Mollie was born in Peebles, the daughter of a chartered accountant who moved to Edinburgh. After attending Edinburgh Ladies' College (the Mary Erskine School, then in Queen Street) in the war years, she qualified at Dunfermline College, which was then based in Aberdeen. Although not outstanding in sport (she was a keen swimmer and played occasional golf), her obvious ability brought steady promotion.
Following a short period teaching in Edinburgh schools, she was appointed to a temporary lectureship at Moray House. She became senior lecturer at Ripon Training College in Yorkshire and principal lecturer at Aberdeen College of Education.
In 1964, Mollie joined the inspectorate and in 1970 was appointed principal of Dunfermline College, then in new premises at Cramond, an attractive location which had co-incidentally become well known for the outstanding ministry of Campbell Maclean, the college chaplain.
With support from the vice-principal and other staff, she expanded the buildings and the courses, earning degree-awarding status from the Council for National Academic Awards and extending into new fields such as leisure management. Apart from the question of children's activity, two other concerns of those years are still topical: the safety of outdoor education, which was brought into question by a tragic accident in the Cairngorms in November 1971; and the enlargement of Edinburgh Airport, the subject of a major public inquiry.
The biggest challenge was the survival of the college in the face of public-expenditure constraints and government assessments of student number.
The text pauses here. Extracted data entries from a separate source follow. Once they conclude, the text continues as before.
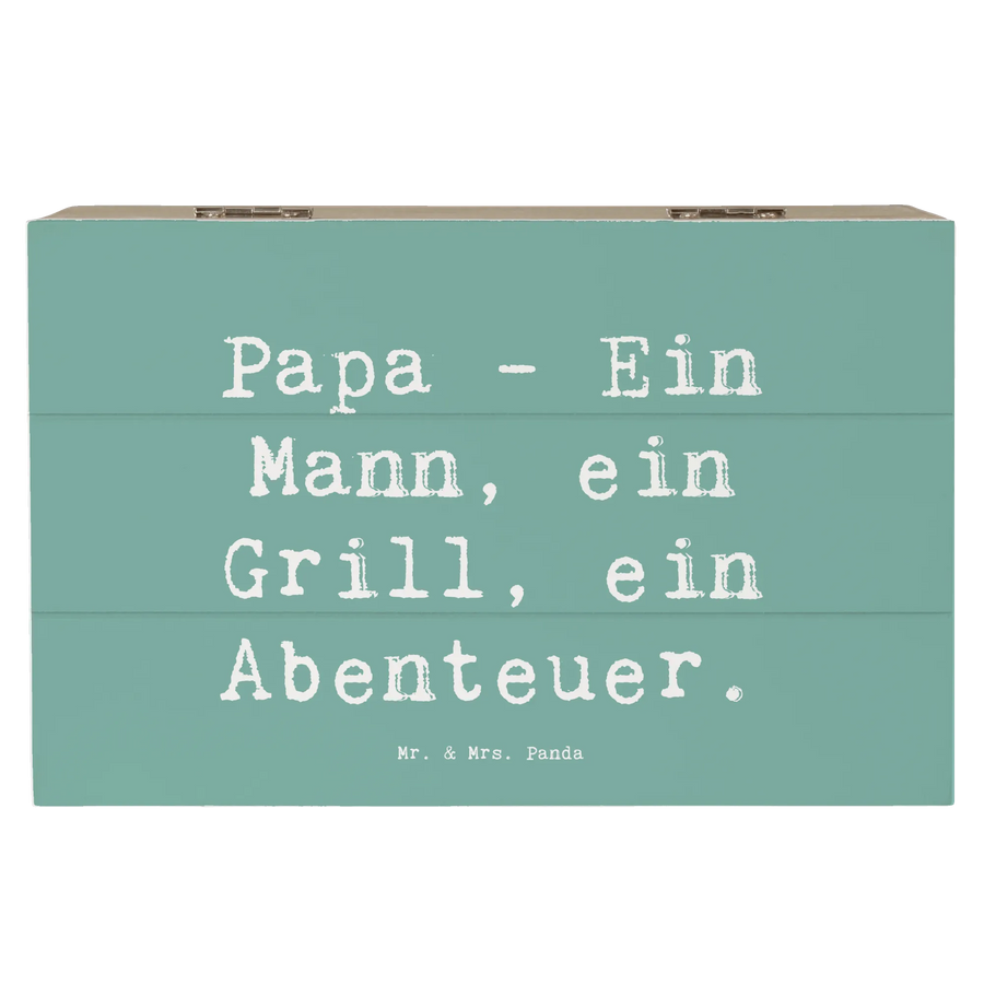 Eine wunderschöne Holzkiste von Mr. & Mrs. Panda mit dem liebevollen Motiv 'Papa - Ein Mann, ein Grill, ein Abenteuer' ist das perfekte Geschenk für jeden Vater. Diese schlichte, aber stilvolle Kiste ist nicht nur ein idealer Aufbewahrungsort für alle kostbaren Erinnerungen, sondern auch ein wunderbares Dekorationsstück, das das Herz eines jeden Papas höher schlagen lässt.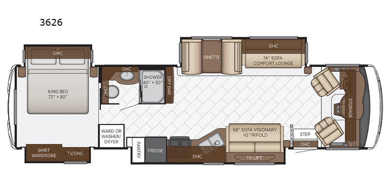 - The booth dinette offers a comfortable spot to enjoy meals, and the TV lift allows the kids to enjoy their favorite shows while you relax.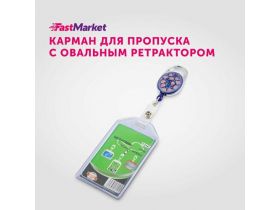 Бейдж для пропуска FastMarket, чехол держатель пластиковый с рулеткой, бейджик для школьника, синий принт 102021133816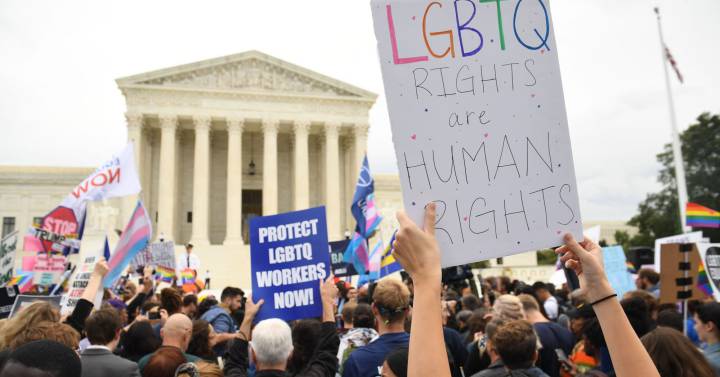 “¡Este es el aspecto de la democracia!”, “Igualdad”, “Los derechos de los gais son derechos humanos”. Los manifestantes coreaban cánticos ante las icónicas escalinatas del Supremo, las mismas ante las que se han celebrado o maldecido otras sentencias históricas, como la que legalizó el aborto en todo el país, la que acabó con la segregación racial en los espacios privados o la que validó el derecho a quemar la bandera de Estados Unidos. Todas estas decisiones que han transformado la sociedad estadounidense partieron de casos particulares. Este martes, allí dentro, frente a cinco jueces de perfil conservador y cuatro progresistas, se discutían los de tres personas particulares también llamadas a cambiar el futuro de la comunidad LGBT.
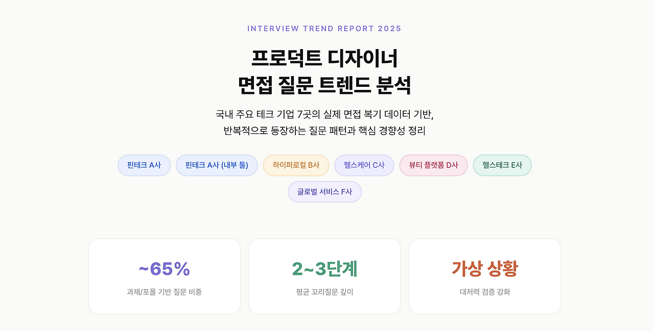 멤버십에 가입하시면 가장 먼저 '2025~2026 프로덕트 디자이너 면접 질문 트렌드 리포트'를 보내드려요. 국내 주요 테크 기업 7곳의 실제 면접 복기 로그로 정리한 자료입니다.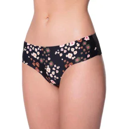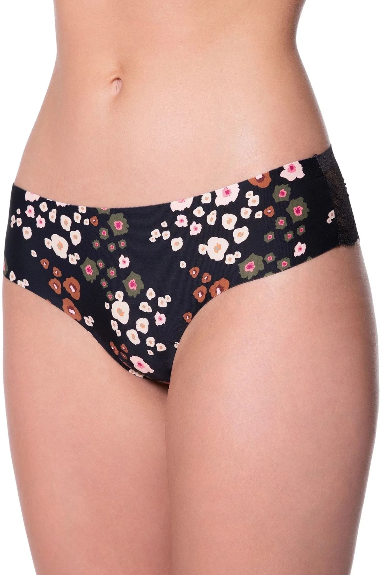 Dámská tanga Peggy JULIMEX - hnědá barva - z vysoce jakostní tkaniny - se vzorem květin - zadní část zdobená krajkou - technologie INVISIBLE LINE na ultratenké okraje - řezané laserem - neviditelné pod oblečením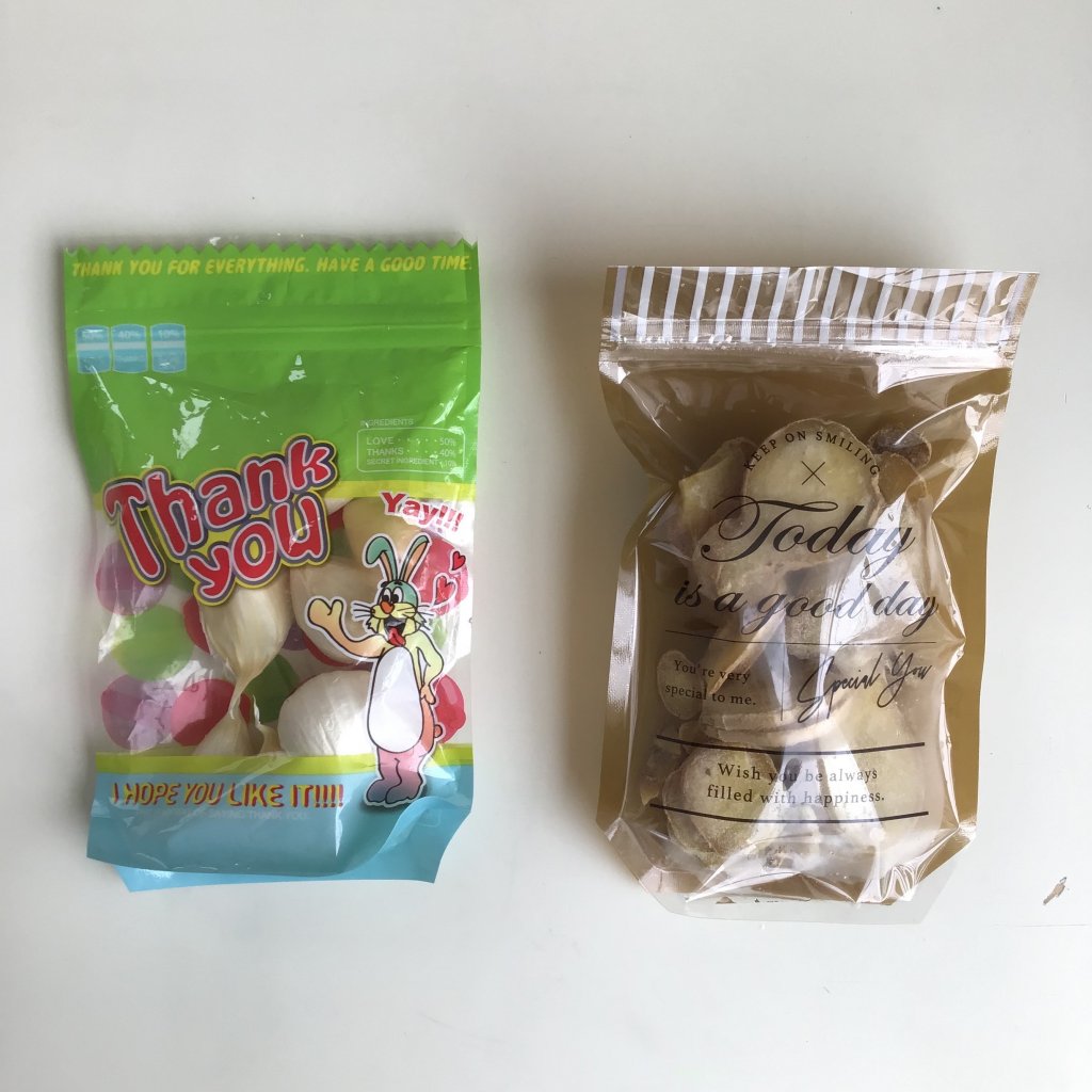 今回もダイソーのラッピングを活用しました。そもそもはニンニクや生姜の冷凍を入れておく袋を探しにいったんです。左の袋はなんでまた、こんな派手なのを買ったかと言うと、最初は透明のチャック付き袋に入れてたのですが、凍ると何がなんだか分かんなくなるので、 見つけやすいように、派手なのにしました。甘酒の冷凍と玉ねぎのみじん切り冷凍を間違えたこともあります^^;

A major campaign in 1977 included 90 leaders or articles in The Scotsman and 56 written questions tabled in the House of Commons by the local MP, Lord James Douglas-Hamilton.
Having twice resisted the threat of closure or merger with Dundee College of Education, Mollie retired in the summer of 1983 and was appointed CBE in the following New Year's Honours for services to education.
The college's reprieve proved to be temporary. Although it gained the Scottish Centre for Physical Education from Jordanhill, it ceased to be an independent institution in 1986, becoming part of Moray House. After a short association with Heriot-Watt, Moray House became part of Edinburgh University in 1998. The university disposed of the Cramond campus. In 2002, youths set fire to the unoccupied buildings and the site has been developed for housing.
Mollie Abbott served at various times on related organisations such as the Scottish Council of Physical Education, the Scottish Sports Council, the General Teaching Council for Scotland, the Court of Heriot-Watt University and the Scottish Arts Council (reflecting her interest in dance).
She is survived by her niece, nephew and three great-nieces.